Além disso, algo que está neste momento muito latente e tem sido de grande interesse pessoal para a minha prática é pensar o brincar adulto. Pensar um pouco a criança que há no adulto, mas de uma maneira radical, sobretudo a integração do eu, os processos de separação e de autonomia e a arte como estratégia de elaboração e de emergência do self. Pra isso, teóricos do cuidado e do brincar, como Melanie Klein, Sándor Ferenczi e Donald Winnicott têm estado sempre me acompanhando conjuntamente aos estudos sobre não-neurose, muito embora a maior parte de meu arsenal teórico formativo, até hoje, seja de teoria lacaniana.

Recentemente você falou da importância das “conquistas silenciosas”. Perceber-se dentro desse processo é necessário para qualquer pessoa em análise, mas será que estamos conectados a essa transformação? Queria que falasse mais sobre isso. Qual o impacto de encarar essas conquistas quando elas nos atravessam?

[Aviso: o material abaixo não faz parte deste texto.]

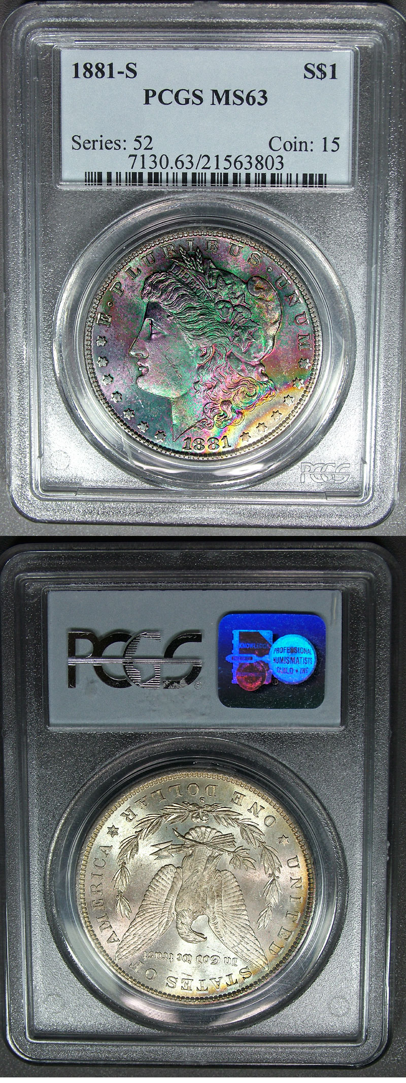 1881-S PCGS MS63 Emerald Magenta Rainbow Toned Morgan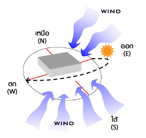 เนื่องจากประเทศไทยมีภูมิอากาศแบบร้อนชื้น การหันหน้าอาคารควรหันให้ด้านยาวรับประโยชน์จากการระบายอากาศด้วยลมธรรมชาติ และหลีกเลี่ยงรังสีความร้อนโดยตรง หากมีรูปแบบบ้านเป็นสี่เหลี่ยมผืนผ้า ควรหันให้ด้านยาวหันไปทางทิศเหนือ และทิศใต้ ส่วนด้านสั้นให้หันไปทางทิศตะวันออก และทิศตะวันตก โดยตามหลักการโคจรของโลกรอบดวงอาทิตย์ แดดจะแรงในช่วงเวลา 10.00 - 14.00 น. ของวัน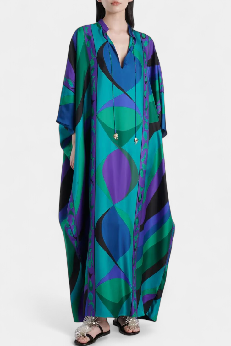 Relájate con elegancia vibrante. El kaftán Fiorella presenta una silueta fluida y relajada que se mueve con gracia y libertad. Su estampado Iride, con remolinos psicodélicos de color, transforma cada paso en una expresión artística de estilo y energía.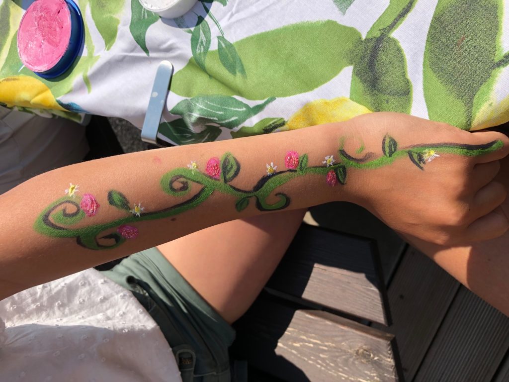 Vi har en stor hoppkudde där alla barn kan hoppa utan skor!

Quando citei as conquistas silenciosas em minha página do instagram, @escrituraclinica, falava daquelas conquistas que aparecem “adjacentes” a uma queixa recorrente da análise pessoal de alguém. Muitas vezes, focados numa única questão, esquecemos de observar tudo aquilo que muda “silenciosamente” – melhor dizendo agora, tudo que muda paralelamente à demanda central de uma análise, num determinado momento. Quando o próprio analisando não consegue ainda perceber essas mudanças de maneira consciente, creio que faz parte do processo de análise o próprio analista retomá-las, ressaltando o que o próprio analisando enuncia, mas não escuta. Isso nos ajuda, enquanto analisantes, a dimensionarmos nosso processo num momento em que, talvez, ainda não consigamos fazer isso sozinhos mais recorrentemente. Reconhecer essas conquistas é não só perceber a mudança de posição que temos diante dos discursos e da vida, coisa a qual a análise se propõe, mas é também relembrar que nossos processos de elaboração não são lineares, como muitas vezes tendemos a achar. Gosto de uma expressão que minha analista usou e eu nunca esqueci: “voo de barata”. Pensar as nossas questões é uma coisa um tanto quanto desgovernada, voo de barata. A própria associação livre depende desse soltar de rédeas que o discurso comum, fora do setting analítico, não permite. Mas quem sofre, no início de uma análise, acha que sofre por algo específico. Ou acha que trabalha sobre um único ponto. O processo começa e a coisa se expande. Essa é a magia da análise: ela abre camadas, portas, e podemos nos beneficiar do processo em cada uma dessas partes, não numa única. O problema é quando achamos que o caminho é um só.